We moved to be nearer to our children 13 years ago and we're finding it difficult to make new friends.  My husband and I were still working.   We really didn't move a great distance and I was able to maintain a relationship with a very good friend.  Fortunately, a couple moved next door who are a perfect match for us and we've enjoyed a wonderful relationship with them for 12 years.  Now, they are moving back to their home state and my long term friend moved away last year.  So, I am facing being friendless for the first time in my life.  

 

I've done all the volunteering possible and don't want to do more.   

 

So, I wouldn't recommend moving to anyone nearing retirement age unless it's an absolute necessity. 

Honored Contributor
Posts: 9,131
Registered: ‎06-14-2010

Re: Do you think there's an age or time in life when it's too late to start over somewhere?
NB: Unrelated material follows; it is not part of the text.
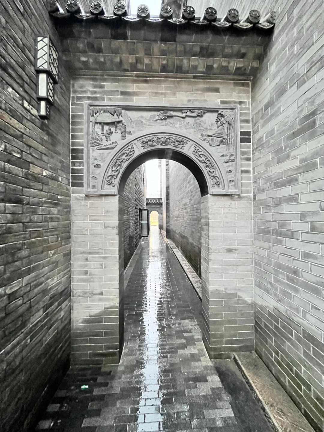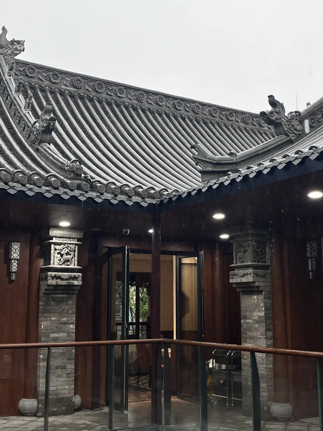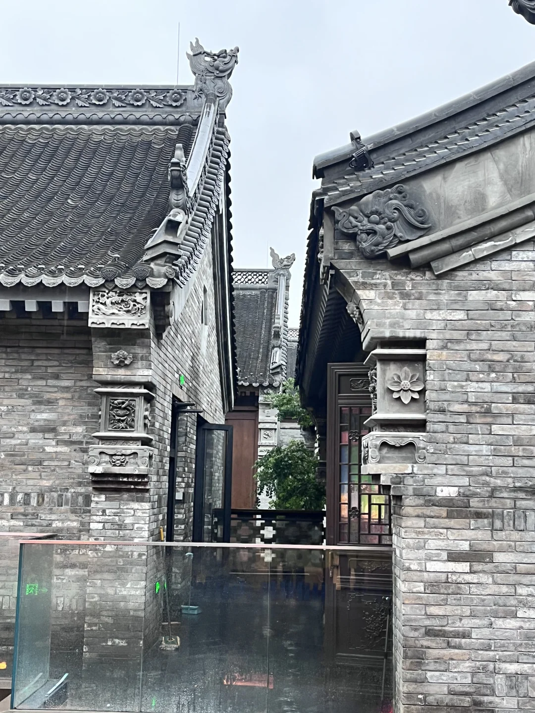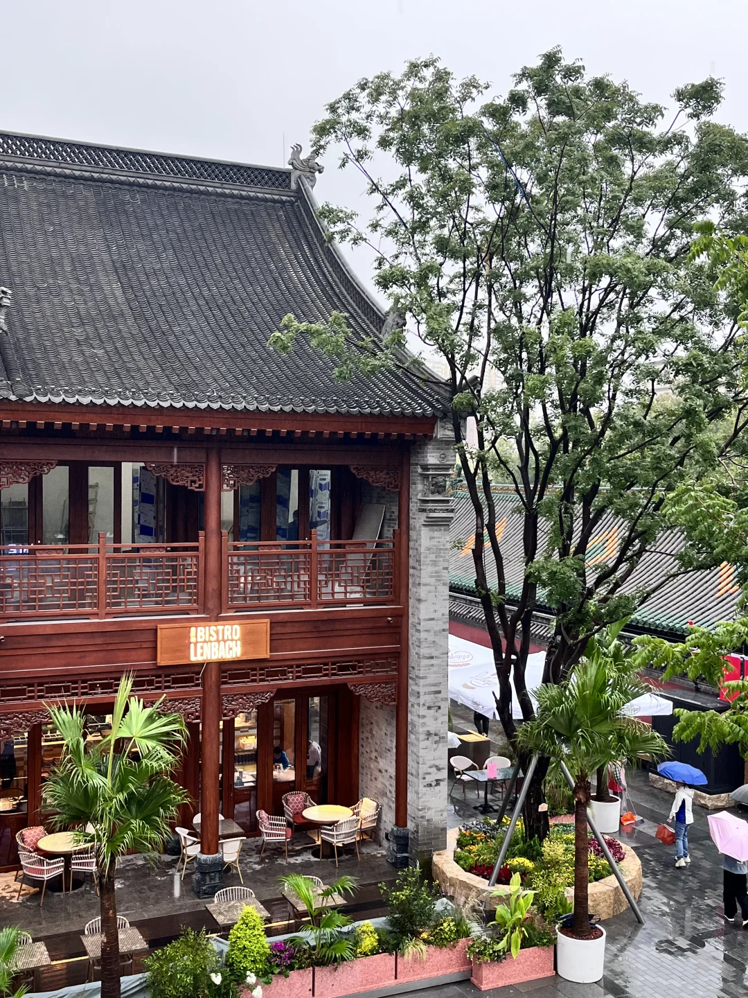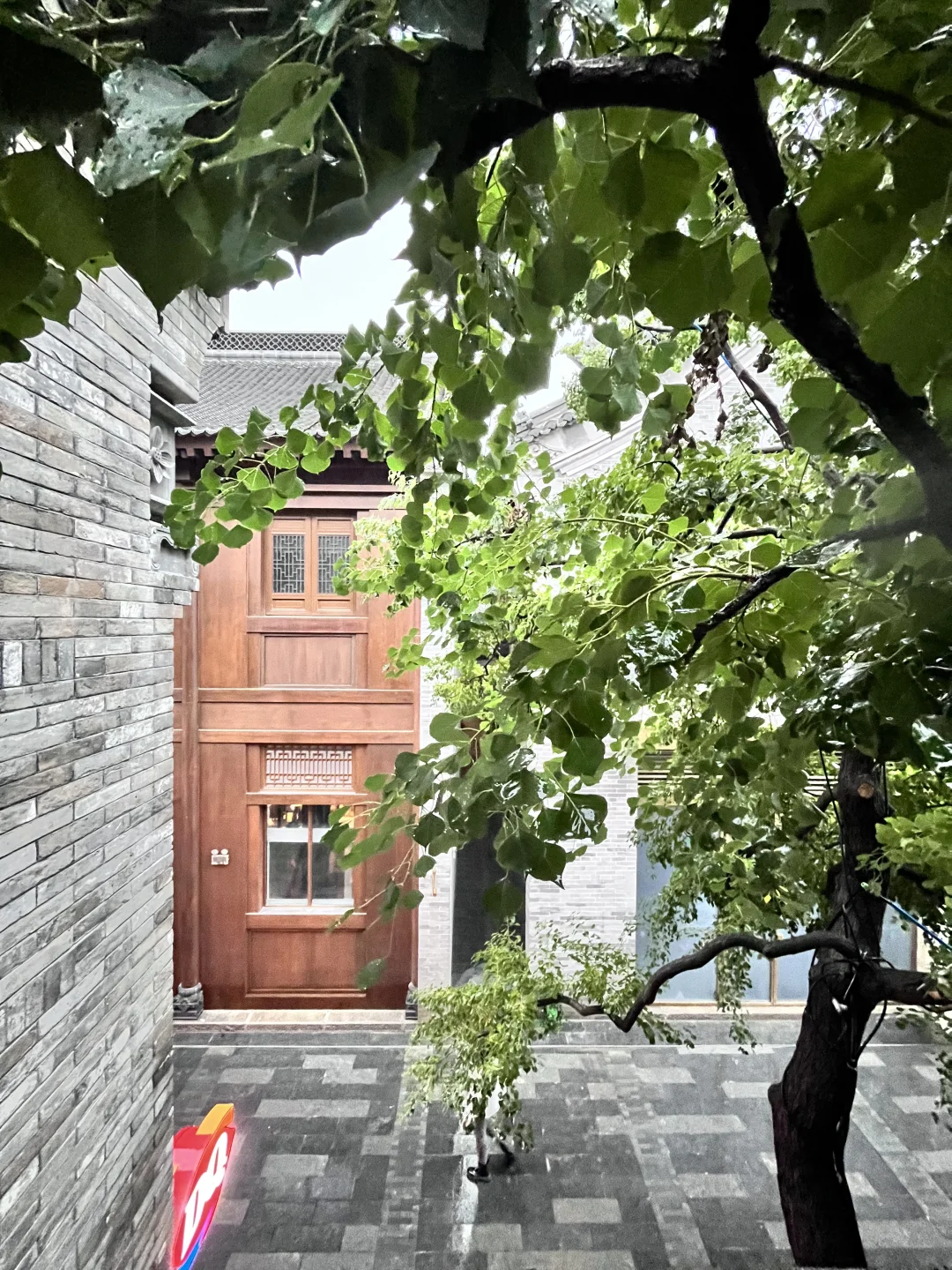 下雨天,打着伞,站在四合院天井下

It is a very personal decision based on many factors.  The bottom line is you do what makes you happy and comfortable.

 

I live in the same place and am retired.  I came from the city which I loved and now am in a town not far from that city.  With the  exception of my sister, niece and great nieces, my family and friends are all here.  At my age I do not feel change would be good for me.

 

My sister, also retired, moved out of state to be with her grandchildren.  She isn't happy and hopes to return to this place she left.  There are many valid reasons for her feeling the way she does which she expresses to me often.  She was in her late fifties when she moved and not prepared for the change plus she is a fish out of water.

 

It is a big choice to leave what you are familiar with but whether you leave or not it should be your decision and done for the right reasons.   

Honored Contributor
Posts: 20,253
Registered: ‎10-04-2010

Re: Do you think there's an age or time in life when it's too late to start over somewhere?

Since it's anyones guess how different people would respond to this change, for me, we're kind of looking towards the caboose on this train trip.  We are happy where we are.  We like where we are at.  It's by all we need and want.  I guess a cottage would be an extra type thing we could enjoy for a couple of days.  But like I said, on another post, for comfort we take home with us if we go somewhere.